**DATA SHOWN:**
········

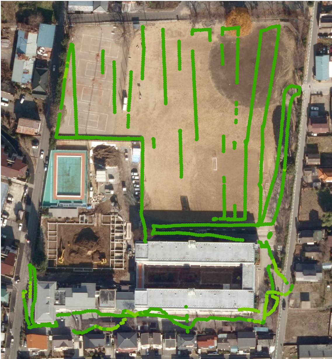
原町第一中学校 (測定日 : 2013 年 9 月 9 日、高さ 100cm)
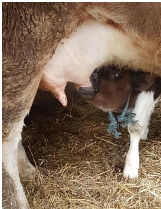
Slika 13. Tele na sisi.

Krava ne prekida vezu s jednogodišnjim teletom ni kada se ponovno oteli; čak mu može dopustiti da siše, iako postaje agresivnija prema njemu nakon rođenja novog teleta (HOUP, 2011.). Kod mesnih pasmina goveda tele uobičajeno ostaje s majkom do odbića, otprilike šest mjeseci, a kod mliječnih unutar nekoliko sati do dan nakon porođaja. Nije rijedak slučaj da se tele odvaja odmah nakon porođaja. Uz što veću proizvodnju mlijeka, smatra se da se time sprječava prijenos bolesti i olakšava mužnja. Mliječna telad odbija se od sisanja s 5 – 12 mjeseci starosti (TUCKER, 2014.). Rano odbiće teladi jedan je od glavnih problema dobrobiti životinja u mljekarskoj proizvodnji (MIKUŠ i sur., 2018.) te predstavlja izrazit stres kako za tele tako i za kravu, bez obzira na postupke uzgajivača (VUČEMILO i sur., 2019.).

········

**WHAT IS REQUIRED:** Transcribe the opening line of the listing above, please, and every line after it through the line with "Slika 13. Tele na sisi.", word for word, without pictures.

**RESULT FOR THIS TASK:**
原町第一中学校 (測定日 : 2013 年 9 月 9 日、高さ 100cm)
Slika 13. Tele na sisi.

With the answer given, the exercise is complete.